[antlr-interest] Re: Translators Should Use Tree Grammars

Mon Nov 22 22:50:53 PST 2004

--- In antlr-interest at yahoogroups.com, "atripp54321" <atripp at c...> wrote:

> My feeling is that this analysis code dwarfs the symbol-table
> code in my app. In other words, the symbol table provides a set of
> methods which is just a small subset of a larger library.

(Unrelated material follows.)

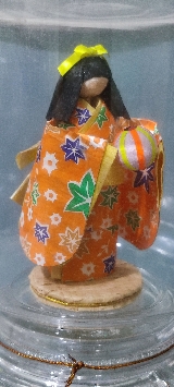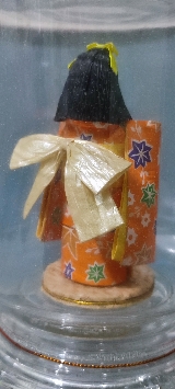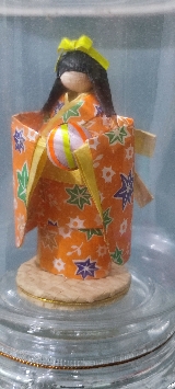 A 9 cm handicrafted Washi Paper doll in the bottle. All together will be around 17 cm height.

A subset of a larger system, yes. The lexer and parser (part of the
[syntax] analysis phase) for instance would be larger in most language
processing projects.

> > The AST searching can be done by specifying patterns to match in your
> > tree-grammar. AST transformations can be similarly accomplished.
> 
> Right. The whole big question here is whether the ANTLR
> (or any other) AST matching-and-replacement syntax can do
> all sorts of complicated matching and transformations that
> happen in real-world translation projects, AND whether it's
> easier to specify in ANTLR than in Java (or C++, or whatever).
> 
> One example comes to mind: I replace printf() with System.out.println
> if the last two characters in the first argument are "\n".
> In Java, that's just "if (arg1AST.getText().endsWith("\n")) {"
> Now I'm sure there's no "ANTLR-syntax" for that sort of thing,
> and the solution is "just embed Java in that case".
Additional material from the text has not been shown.